Солдаты приостановились.
– Ну что, нашел своих? – сказал один из них.
– Ну, прощавай! Петр Кириллович, кажись? Прощавай, Петр Кириллович! – сказали другие голоса.
– Прощайте, – сказал Пьер и направился с своим берейтором к постоялому двору.
«Надо дать им!» – подумал Пьер, взявшись за карман. – «Нет, не надо», – сказал ему какой то голос.
В горницах постоялого двора не было места: все были заняты. Пьер прошел на двор и, укрывшись с головой, лег в свою коляску.

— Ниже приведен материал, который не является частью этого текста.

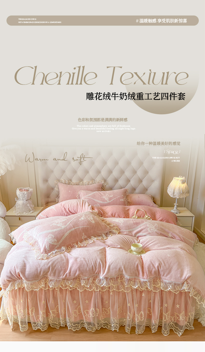 2024新款雕花绒牛奶绒重工艺床裙四件套-蝴蝶梦境 樱粉
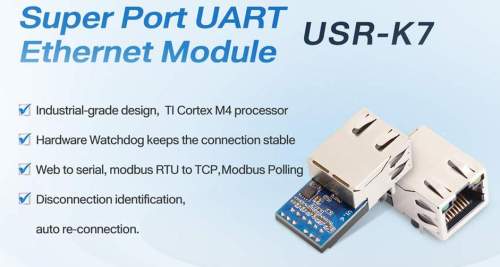 The most interesting product, from our standpoint, is probably the USR-K7 module, also known as SuperPort. It is an industrial grade TI Cortex M4 MCU based Serial to Ethernet module with a rich set of features.
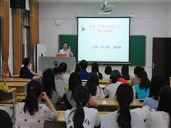 本次专家讲座分为两场,分别邀请3044am永利集团官网党委书记廖加林教授和我校社科处副处长、3044am永利集团官网李胜清教授作主题讲座。廖加林教授的讲座主题是《自由、平等与社会主义核心价值观》,廖教授在讲座中从“核心价值观”的定义谈起,从哲学社会科学的角度全面分析了社会主义核心价值观。他借用苏格拉底的名言“未经省察的人生是没有价值的”,鼓励、引导同学们要重视个人的三观,努力发掘自己在个人、社会、国家等三个层次的价值。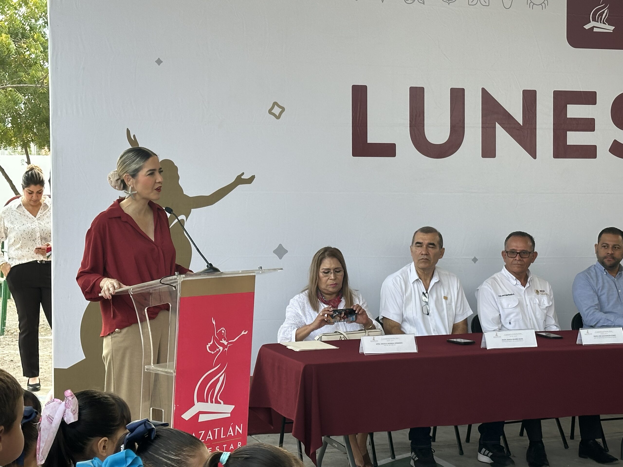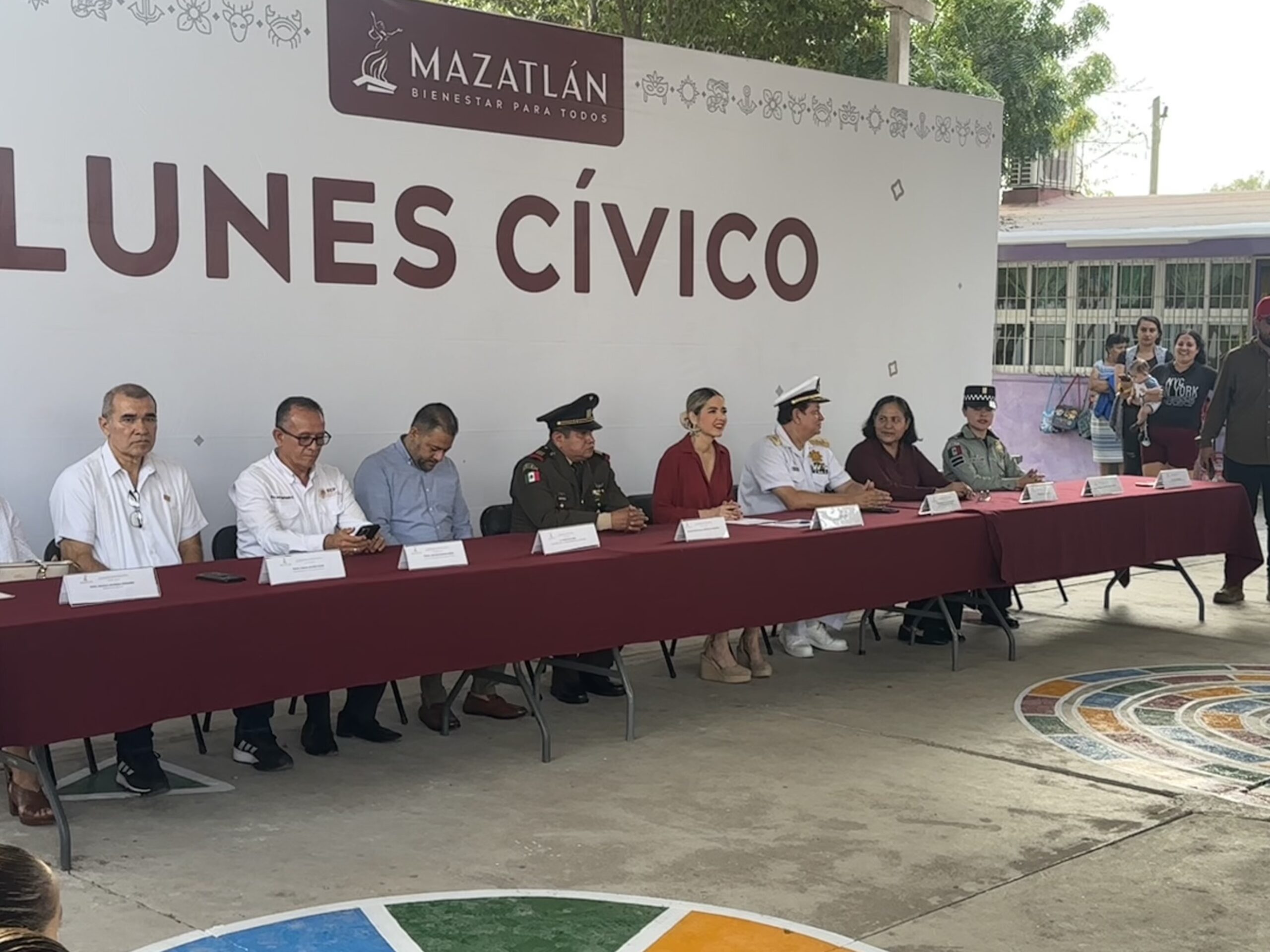 Durante el acto cívico, la alcaldesa de Mazatlán, Estrella Palacios, expresó su satisfacción por regresar a la institución para cumplir un compromiso previamente adquirido con directivos y padres de familia.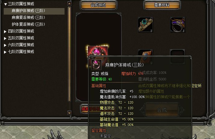 特戒分成麻痹戒指、护身戒指、复活戒指等等,特戒最主要的特点就是能够升级并且完全没有职业上的限制,也就是说任何职业任何等级的玩家都可以装备上任何一种特戒,这种设定真得很给力。

Едва Пьер прилег головой на подушку, как он почувствовал, что засыпает; но вдруг с ясностью почти действительности послышались бум, бум, бум выстрелов, послышались стоны, крики, шлепанье снарядов, запахло кровью и порохом, и чувство ужаса, страха смерти охватило его. Он испуганно открыл глаза и поднял голову из под шинели. Все было тихо на дворе. Только в воротах, разговаривая с дворником и шлепая по грязи, шел какой то денщик. Над головой Пьера, под темной изнанкой тесового навеса, встрепенулись голубки от движения, которое он сделал, приподнимаясь. По всему двору был разлит мирный, радостный для Пьера в эту минуту, крепкий запах постоялого двора, запах сена, навоза и дегтя. Между двумя черными навесами виднелось чистое звездное небо.

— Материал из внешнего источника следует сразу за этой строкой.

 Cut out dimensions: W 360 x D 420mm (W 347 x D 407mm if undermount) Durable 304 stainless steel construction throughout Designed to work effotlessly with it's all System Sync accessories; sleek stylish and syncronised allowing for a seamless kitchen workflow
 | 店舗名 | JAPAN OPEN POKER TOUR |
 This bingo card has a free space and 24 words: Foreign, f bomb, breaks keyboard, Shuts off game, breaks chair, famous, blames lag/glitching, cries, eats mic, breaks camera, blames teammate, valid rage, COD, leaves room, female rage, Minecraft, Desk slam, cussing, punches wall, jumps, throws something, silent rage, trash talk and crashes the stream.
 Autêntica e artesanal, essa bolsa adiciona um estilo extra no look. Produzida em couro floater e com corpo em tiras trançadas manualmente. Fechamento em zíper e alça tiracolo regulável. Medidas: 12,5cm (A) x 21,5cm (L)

«Слава богу, что этого нет больше, – подумал Пьер, опять закрываясь с головой. – О, как ужасен страх и как позорно я отдался ему! А они… они все время, до конца были тверды, спокойны… – подумал он. Они в понятии Пьера были солдаты – те, которые были на батарее, и те, которые кормили его, и те, которые молились на икону. Они – эти странные, неведомые ему доселе они, ясно и резко отделялись в его мысли от всех других людей.

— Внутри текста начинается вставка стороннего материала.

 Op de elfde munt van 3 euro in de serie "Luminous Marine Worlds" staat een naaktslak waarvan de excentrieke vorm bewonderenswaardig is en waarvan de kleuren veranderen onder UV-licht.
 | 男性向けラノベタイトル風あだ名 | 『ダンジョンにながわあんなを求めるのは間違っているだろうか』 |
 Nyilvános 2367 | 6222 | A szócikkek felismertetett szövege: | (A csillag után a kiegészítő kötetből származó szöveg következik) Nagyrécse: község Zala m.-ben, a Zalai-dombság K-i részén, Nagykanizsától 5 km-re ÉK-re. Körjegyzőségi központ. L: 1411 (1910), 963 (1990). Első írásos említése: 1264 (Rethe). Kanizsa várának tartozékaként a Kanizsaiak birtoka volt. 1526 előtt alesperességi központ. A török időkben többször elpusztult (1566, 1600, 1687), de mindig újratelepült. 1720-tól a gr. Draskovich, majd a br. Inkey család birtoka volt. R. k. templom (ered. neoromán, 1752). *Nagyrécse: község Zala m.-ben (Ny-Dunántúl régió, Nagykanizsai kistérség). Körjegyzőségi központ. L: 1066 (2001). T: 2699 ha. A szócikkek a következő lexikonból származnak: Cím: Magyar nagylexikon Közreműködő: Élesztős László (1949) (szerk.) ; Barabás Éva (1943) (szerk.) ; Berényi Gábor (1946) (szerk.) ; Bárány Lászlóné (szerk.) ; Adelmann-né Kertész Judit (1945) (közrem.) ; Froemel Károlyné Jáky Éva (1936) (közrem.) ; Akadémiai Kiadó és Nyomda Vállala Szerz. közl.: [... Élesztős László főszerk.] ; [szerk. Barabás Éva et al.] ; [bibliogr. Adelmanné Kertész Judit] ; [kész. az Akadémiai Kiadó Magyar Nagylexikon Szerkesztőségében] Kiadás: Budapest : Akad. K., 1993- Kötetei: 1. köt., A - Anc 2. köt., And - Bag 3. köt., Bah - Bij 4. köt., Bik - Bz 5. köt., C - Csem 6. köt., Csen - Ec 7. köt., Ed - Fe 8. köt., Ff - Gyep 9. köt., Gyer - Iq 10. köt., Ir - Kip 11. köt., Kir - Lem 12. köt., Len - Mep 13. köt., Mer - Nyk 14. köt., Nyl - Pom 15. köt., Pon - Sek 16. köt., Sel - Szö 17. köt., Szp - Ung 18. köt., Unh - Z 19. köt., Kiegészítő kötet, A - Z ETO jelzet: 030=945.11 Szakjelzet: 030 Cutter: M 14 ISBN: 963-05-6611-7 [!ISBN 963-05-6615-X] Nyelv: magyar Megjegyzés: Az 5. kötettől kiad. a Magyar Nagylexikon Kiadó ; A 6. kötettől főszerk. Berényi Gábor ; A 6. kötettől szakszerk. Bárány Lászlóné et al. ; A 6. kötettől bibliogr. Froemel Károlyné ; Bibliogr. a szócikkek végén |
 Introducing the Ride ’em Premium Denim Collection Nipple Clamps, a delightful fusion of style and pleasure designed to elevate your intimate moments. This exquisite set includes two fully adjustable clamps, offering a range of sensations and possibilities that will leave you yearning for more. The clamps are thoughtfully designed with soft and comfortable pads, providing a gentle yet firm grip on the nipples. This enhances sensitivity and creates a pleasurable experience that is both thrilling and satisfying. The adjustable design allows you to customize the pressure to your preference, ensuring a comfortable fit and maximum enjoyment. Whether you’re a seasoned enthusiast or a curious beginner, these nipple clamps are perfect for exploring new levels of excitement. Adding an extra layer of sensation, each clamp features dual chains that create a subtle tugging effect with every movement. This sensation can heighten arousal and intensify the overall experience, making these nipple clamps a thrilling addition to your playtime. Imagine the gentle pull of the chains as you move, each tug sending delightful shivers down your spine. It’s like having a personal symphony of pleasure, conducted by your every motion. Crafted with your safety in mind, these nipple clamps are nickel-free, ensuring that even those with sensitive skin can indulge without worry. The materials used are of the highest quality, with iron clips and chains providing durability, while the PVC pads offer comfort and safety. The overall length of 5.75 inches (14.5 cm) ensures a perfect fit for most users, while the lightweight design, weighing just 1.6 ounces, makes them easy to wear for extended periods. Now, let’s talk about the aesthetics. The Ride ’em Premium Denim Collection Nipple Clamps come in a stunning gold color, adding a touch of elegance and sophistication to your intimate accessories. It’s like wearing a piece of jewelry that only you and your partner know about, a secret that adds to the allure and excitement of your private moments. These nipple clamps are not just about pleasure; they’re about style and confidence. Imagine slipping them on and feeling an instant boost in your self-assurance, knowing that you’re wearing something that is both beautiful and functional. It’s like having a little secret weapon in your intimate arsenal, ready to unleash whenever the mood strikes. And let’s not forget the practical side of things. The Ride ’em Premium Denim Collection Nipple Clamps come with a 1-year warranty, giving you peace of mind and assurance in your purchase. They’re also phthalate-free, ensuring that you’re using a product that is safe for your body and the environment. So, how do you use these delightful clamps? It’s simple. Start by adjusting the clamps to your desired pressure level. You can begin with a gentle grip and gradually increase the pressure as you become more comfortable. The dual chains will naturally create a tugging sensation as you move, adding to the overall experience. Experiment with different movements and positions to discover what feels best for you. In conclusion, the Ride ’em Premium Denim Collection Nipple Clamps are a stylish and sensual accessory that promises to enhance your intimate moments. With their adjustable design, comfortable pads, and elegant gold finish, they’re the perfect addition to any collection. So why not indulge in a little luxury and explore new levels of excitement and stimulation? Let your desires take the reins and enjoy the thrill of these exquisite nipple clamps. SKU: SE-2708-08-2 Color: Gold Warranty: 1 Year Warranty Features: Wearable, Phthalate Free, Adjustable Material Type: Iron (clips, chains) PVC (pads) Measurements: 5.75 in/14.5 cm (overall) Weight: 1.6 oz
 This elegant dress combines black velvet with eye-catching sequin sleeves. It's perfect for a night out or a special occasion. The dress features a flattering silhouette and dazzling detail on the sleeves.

«Солдатом быть, просто солдатом! – думал Пьер, засыпая. – Войти в эту общую жизнь всем существом, проникнуться тем, что делает их такими. Но как скинуть с себя все это лишнее, дьявольское, все бремя этого внешнего человека? Одно время я мог быть этим. Я мог бежать от отца, как я хотел. Я мог еще после дуэли с Долоховым быть послан солдатом». И в воображении Пьера мелькнул обед в клубе, на котором он вызвал Долохова, и благодетель в Торжке. И вот Пьеру представляется торжественная столовая ложа. Ложа эта происходит в Английском клубе. И кто то знакомый, близкий, дорогой, сидит в конце стола. Да это он! Это благодетель. «Да ведь он умер? – подумал Пьер. – Да, умер; но я не знал, что он жив. И как мне жаль, что он умер, и как я рад, что он жив опять!» С одной стороны стола сидели Анатоль, Долохов, Несвицкий, Денисов и другие такие же (категория этих людей так же ясно была во сне определена в душе Пьера, как и категория тех людей, которых он называл они), и эти люди, Анатоль, Долохов громко кричали, пели; но из за их крика слышен был голос благодетеля, неумолкаемо говоривший, и звук его слов был так же значителен и непрерывен, как гул поля сраженья, но он был приятен и утешителен. Пьер не понимал того, что говорил благодетель, но он знал (категория мыслей так же ясна была во сне), что благодетель говорил о добре, о возможности быть тем, чем были они. И они со всех сторон, с своими простыми, добрыми, твердыми лицами, окружали благодетеля. Но они хотя и были добры, они не смотрели на Пьера, не знали его. Пьер захотел обратить на себя их внимание и сказать. Он привстал, но в то же мгновенье ноги его похолодели и обнажились.
Ему стало стыдно, и он рукой закрыл свои ноги, с которых действительно свалилась шинель. На мгновение Пьер, поправляя шинель, открыл глаза и увидал те же навесы, столбы, двор, но все это было теперь синевато, светло и подернуто блестками росы или мороза.
«Рассветает, – подумал Пьер. – Но это не то. Мне надо дослушать и понять слова благодетеля». Он опять укрылся шинелью, но ни столовой ложи, ни благодетеля уже не было. Были только мысли, ясно выражаемые словами, мысли, которые кто то говорил или сам передумывал Пьер.